Data has been always described as a 'set of facts'. No matter whether it is meaningful or not and ordered or not. There’s always data, even in the stone age and currently, when a man(object) sees(collects) the Sun rising(data), he gets up and starts his day(decision) is a classic example of that 'decisions are made on the basis of data'. With the growth in the tech industry for the last 100 years, data generation exponentially expanded and now there is no stop to data generation as trillions of GBs of new data is being produced every second.
Machine Learning(ML) and Deep Learning(DL) are among the fastest growing enterprise applications consuming all this digital data as they’re data-hungry. But right data must be provided to ML algorithms in order to correctly utilize ML. So we must know ● What data do we have? ● Where did this data come from? ● How is this data used? ● Who is responsible for this data? ● Can we trust this data? ● What kind of data would work right for this problem? ● What's data integrity? Data Governance and Data Management address most of these questions however, there are some differences between the two.
Data Governance covers the definition of organizational structures, data owners, policies, rules, processes, business terms, and metrics for the end-to-end lifecycle of data. While Data Management is the technical implementation of Data Governance. Data Governance involves the process of managing the availability, usability, integrity and security of the data in enterprise systems, based on internal data standards and policies that also control data usage.

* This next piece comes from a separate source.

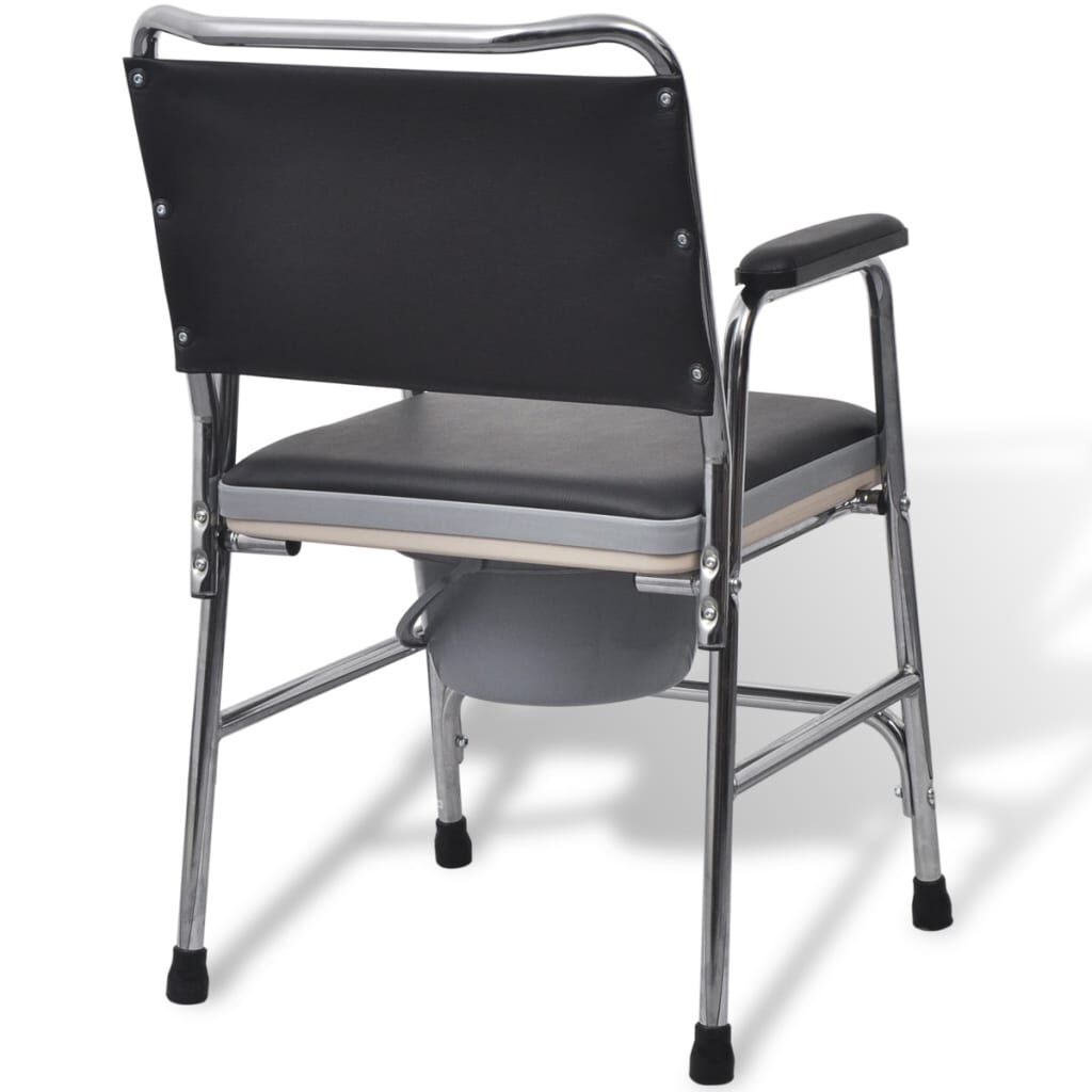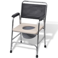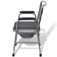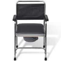 This commode chair presents a safe, comfortable and hygienic solution for the elderly or people with limited mobility, as it can be used as a bedside makeshift toilet. This durable commode chair can support up to 100 kg and is able to withstand daily use. The chair is equipped with an extra-large commode bucket that can be removed and emptied. With the included seat cushion, the commode can be easily converted to a chair. Made of strong steel, the commode chair is lightweight and sturdy. The backrest and armrests are padded, which makes the toilet chair comfortable to sit on. Each leg has a non-slip tip to provide extra stability and safety. The padded armrests have been designed to give support while standing. Assembly is very easy.

ML is highly dependent on the data. So one cannot simply risk their solution by choosing data without analyzing it. 1. Identify roles and responsibilities for the people governing data. For example Who creates it? Who approves it? Who uses it? 2. Define your data domains, set and standardize data parts and their properties like data-type, values, hierarchy etc. 3. Establish data workflows, it refers mainly to define data supply-chain system. 4. Establishing appropriate controls and processes to optimize your data’s quality and integrity. 5. Identify authoritative data sources and use them. 6. Establish policies and standards and forward it to stakeholders and relevant resources.
Data governance helps in controlling and policing of data usage. This reduces the possibility of misuse of data or affect data integrity which is important as an enterprise can have multiple ML applications, with many of them are using the same shared data.
Data providers are also very concerned about the utilization of their data so that one cannot create any loophole by breaking cybersecurity and policy with their data means.
Poor data governance can also hamper regulatory compliance initiatives, which could cause problems for companies that need to comply with new data privacy and protection laws. Effective data governance ensures that data is consistent and trustworthy and doesn't get misused.
We are willing to use such data for our ML business model as there exists the complete analysis of data and even policies about its usage. By this, we get the sense of how many choices of correct data and its integrity means in the ML domain.
These days users' information is the main source of enhanced business models as there are thousands of recommendation systems and most of them are based on daily basis users' data, providing loopholes to be exploited by hackers to get such data and misuse it. That's one of the applications where Data Governance plays a vital role and keeps data safe and also lets data be used safely. So not only does it assist the ML domain, but it also opens the door for new opportunities for researchers and is highly coupled with performance factors of ML applications.
In today's world, the importance of Data Governance cannot be ignored specially for ML industry and there is still room for further improvements in this field and the integrity of data is being improved every other day.